* **EXERCISE AIM**: Where the listing below reaches the line containing "- Repair the", start writing out lines exactly, and stop once the line containing "2026年度检验检测机构/实验室培训计划已发布!" has been written.

* **PROVIDED ENTRIES**:
========
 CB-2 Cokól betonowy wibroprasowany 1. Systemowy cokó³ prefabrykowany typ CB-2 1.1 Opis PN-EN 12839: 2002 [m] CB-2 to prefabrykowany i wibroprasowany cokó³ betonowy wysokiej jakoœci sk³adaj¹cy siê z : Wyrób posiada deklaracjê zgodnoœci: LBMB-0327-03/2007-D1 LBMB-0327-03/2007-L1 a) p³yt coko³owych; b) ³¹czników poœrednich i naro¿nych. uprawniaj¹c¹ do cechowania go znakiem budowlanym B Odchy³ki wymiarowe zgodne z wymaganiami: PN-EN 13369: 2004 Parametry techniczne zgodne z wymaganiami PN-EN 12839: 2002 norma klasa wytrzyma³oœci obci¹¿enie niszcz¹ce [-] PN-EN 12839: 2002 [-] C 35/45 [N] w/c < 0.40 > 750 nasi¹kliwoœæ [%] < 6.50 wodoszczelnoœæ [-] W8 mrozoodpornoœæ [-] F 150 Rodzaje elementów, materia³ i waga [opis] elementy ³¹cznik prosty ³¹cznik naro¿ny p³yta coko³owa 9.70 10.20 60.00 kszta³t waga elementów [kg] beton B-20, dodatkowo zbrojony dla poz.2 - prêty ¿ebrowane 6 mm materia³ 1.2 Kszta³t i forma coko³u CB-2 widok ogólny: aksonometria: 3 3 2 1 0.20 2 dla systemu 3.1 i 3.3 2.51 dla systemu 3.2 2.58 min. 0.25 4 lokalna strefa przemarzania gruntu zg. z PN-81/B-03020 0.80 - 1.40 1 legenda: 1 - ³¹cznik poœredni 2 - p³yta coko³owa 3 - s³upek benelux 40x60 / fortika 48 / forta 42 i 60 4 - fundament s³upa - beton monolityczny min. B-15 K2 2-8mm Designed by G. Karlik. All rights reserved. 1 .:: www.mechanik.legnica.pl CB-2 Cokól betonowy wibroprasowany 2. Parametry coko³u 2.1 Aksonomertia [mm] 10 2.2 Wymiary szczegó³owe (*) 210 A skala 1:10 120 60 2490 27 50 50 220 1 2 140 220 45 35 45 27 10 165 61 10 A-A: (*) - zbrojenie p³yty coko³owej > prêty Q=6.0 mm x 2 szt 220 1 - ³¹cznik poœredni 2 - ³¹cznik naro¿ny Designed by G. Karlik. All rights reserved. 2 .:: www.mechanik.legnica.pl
========
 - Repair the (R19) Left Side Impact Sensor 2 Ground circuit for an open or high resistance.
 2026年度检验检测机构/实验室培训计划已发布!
========
* **WRITTEN REPLY**:
 - Repair the (R19) Left Side Impact Sensor 2 Ground circuit for an open or high resistance.
 2026年度检验检测机构/实验室培训计划已发布!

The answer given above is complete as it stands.